Studio album by Dottie West
- Released: May 1975
- Recorded: January 1975
- Studio: RCA Studio A, Nashville, Tennessee
- Genre: Country; Nashville Sound;
- Label: RCA Victor
- Producer: Billy Davis

Dottie West chronology
| House of Love (1974) | Carolina Cousins (1975) | When It's Just You and Me (1977) |

Singles from Carolina Cousins
- "Rollin' in Your Sweet Sunshine" Released: March 1975;

= Carolina Cousins =

Carolina Cousins is a studio album by American country music artist Dottie West. It was released in May 1975 on RCA Victor Records and was produced by Billy Davis. Carolina Cousins was West's 24th studio recording and contained a total of ten tracks. It would be her final album release with the RCA label before moving to United Artists Records in 1976. The album contained one single, "Rollin' in Your Sweet Sunshine," which became a minor hit in 1975.

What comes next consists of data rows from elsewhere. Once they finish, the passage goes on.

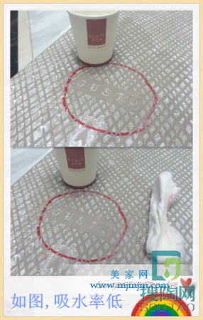 吸水率是指瓷磚背面的滲水效果,影響瓷磚的使用壽命,是瓷磚的一項重要評測方面。經現場測評人員向瓷磚背面傾倒水一段時間后,沒有水滲入瓷磚,這說明格仕陶這款超平高清大理石瓷磚細密,不易泛潮,產生形變脫落,影響美觀。
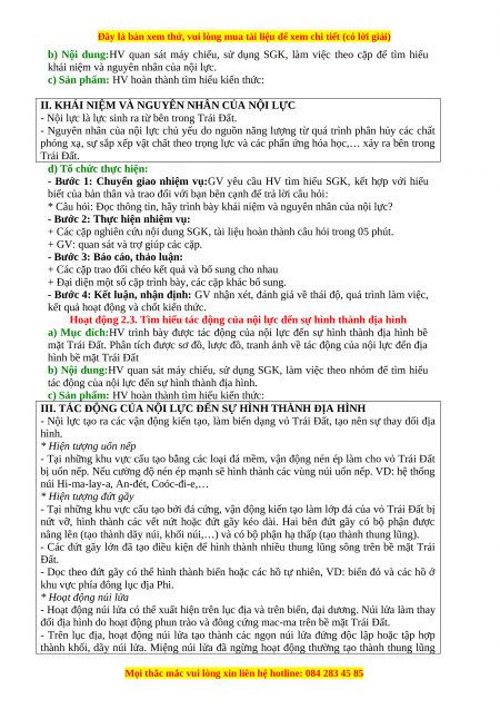 động của nội lực và các dạng địa hình bề mặt Trái Đất do tác động của nội lực tạo thành. 3. Phẩm chất:
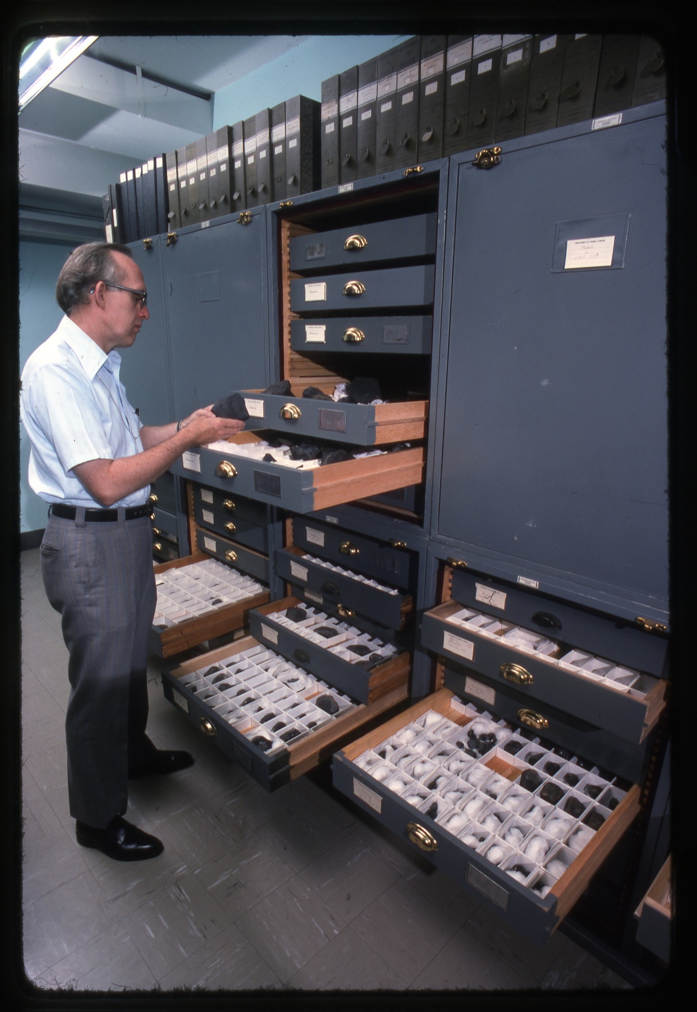 Dr. Roy S. Clarke, Jr., curator of the Smithsonian's National Museum of Natural History meteorite collection, stands at collection storage units holding meteorite specimens. Several drawers are open displaying specimens and Clarke holds a specimen in his hands.

==Background and content==
Carolina Cousins was recorded at the RCA Studio A in Nashville, Tennessee. The sessions were produced by Billy Davis. It was West's third production collaboration with Davis, who had also written her 1973 hit "Country Sunshine". The album's ten tracks contained a variety of musical stylings. Liner notes writer, Bill Becker, called the album's style "a musical trip, literally and figuratively." Four of the album's songs were penned by West herself. This included a re-recording of "Country Sunshine" and "I'm Your Country Girl". Also included was a cover of John Denver's pop hit "Back Home Again." The album also included a variety of songwriters, such as Barbara Fairchild, who wrote the track "This Stranger, My Little Girl". The album's cover photo featured West posing with a Coca-Cola, a nod to the "Country Sunshines origins as a jingle for a 1972 Coke commercial.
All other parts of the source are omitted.